Oliver spent the next week doing what he did best. Being extremely organised to the point that teetered on OCD, except he didn’t pace and he didn’t count to three.

And he kept smiling stupidly at his jar of multi-coloured paperclips.

Looking at them made him feel liberated and determined. And he slept every night in the guest room with Felicity’s brightly coloured cushions around him.

He’d messaged her to see that she’d arrived safely, and she’d messaged back.

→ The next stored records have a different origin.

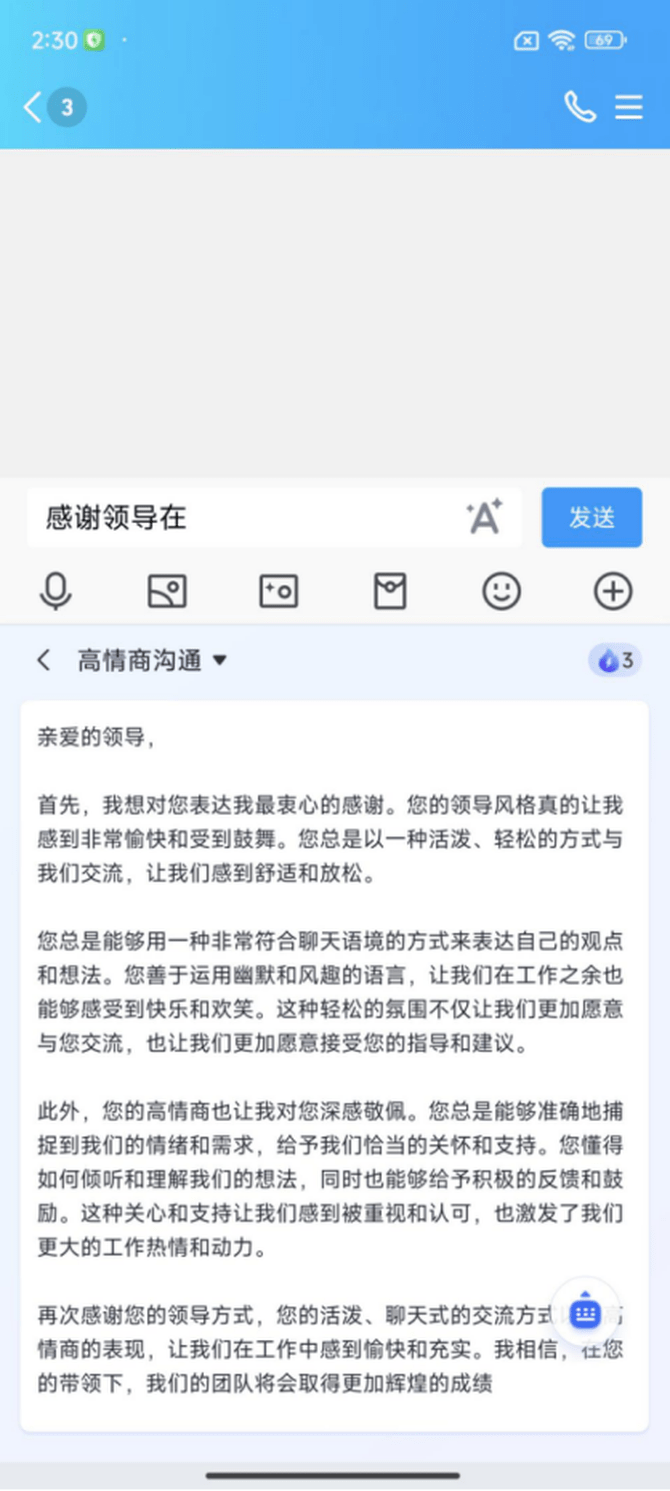 通过AI创作助手的扩写功能,我们能够看到,在和领导进行聊天的时候,讯飞输入法通过强大的文本生成,能够实现非常出色的高情商回复,第 一次看到这么长的回复,笔者的第 一反应是非常惊讶,然后仔细阅读之后,相信你的领导一定会被你的真情流露所感动,对你青眼相加、另眼相看。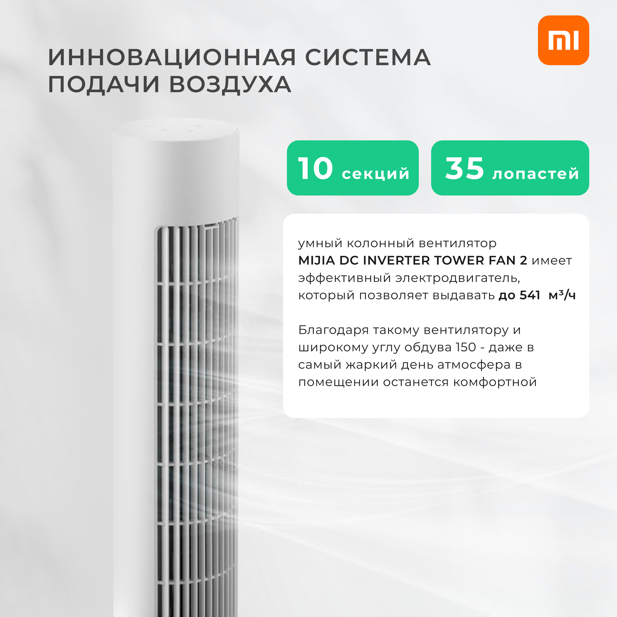 Напольный вентилятор Xiaomi Mijia DC Inverter Tower Fan 2, белый (BPTS02DM) информация: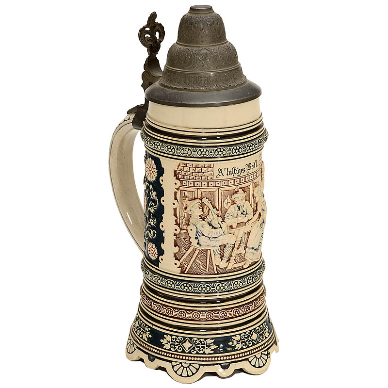 Manufacturer: "Reinhold Merkelbach, Westerwald", model no. 1210, relief, pewter lid, 1 liter, Swiss 2-air cylinder movement in base, height 12 ¼ in. working.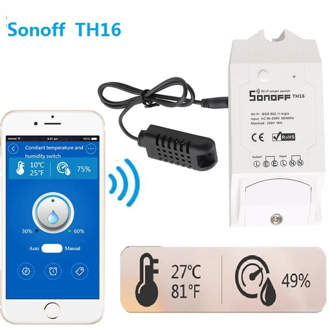 Sonoff TH10/TH16 is a Sonoff version smart switch that can monitor and set temperature and humidity through the APP eWeLink. Just as the name indicated, the new version Sonoff TH device supports two power supply specifications: 10A or 16A. It supports preset a temperature and humidity range, when the temperature and humidity of the environment fall into the range, it will automatically turn on or turn off connected devices.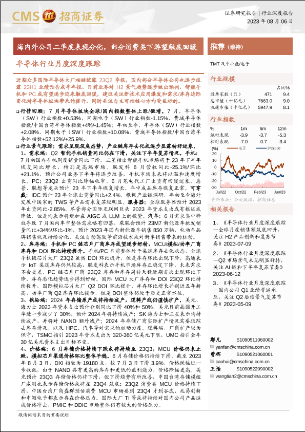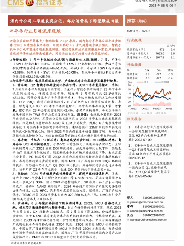 【海通证券】【20230806】半导体行业月度深度跟踪:海内外公司二季度表现分化,部分消费类下游望触底回暖-66页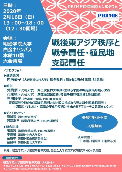 国際シンポジウム 「戦後東アジア秩序と戦争責任・植民地支配責任」 2/16明治学院大学白金キャンパスにて開催 ※無料・予約不要

It was friendly, affectionate. No talk of anything more from either of them.

But he didn’t need that.

Because he had a plan. And too much to do to waste time keeping his desk pristine or sticking post-it notes everywhere. He made a list. Not on paper, not on his computer; inside his head. And he didn’t forget a single detail.

He worked through each task methodically. After all, there was no time to lose.

First, he booked his plane tickets.

Then he phoned the mechanics workshop in Adelaide. They’d sent it to the wreckers yard they informed him. His heart dropped. But when he phoned, miraculously, it was still there, uncrushed. He put in a call to Luke. “Mate, I need the best mechanic in Adelaide, no expense spared.”

The next, unpleasant task was having it out with Leonie.

Calmly, he told her his truth. He was in love with another woman. Firmly, he told her she’d done wrong by telling lies to the woman he loved. She sobbed, she screamed, she cajoled. Eventually she lobbed at him, “I’m going back to Bali, to a man who truly loves and values me. And anyway, I lied, you are boring…”

He didn’t believe her.

Because sitting on his shelf, next to him, was Felicity’s pink hat. And on his screen saver was the selfie of them laughing on the beach, way back on that second day of their trip across Australia.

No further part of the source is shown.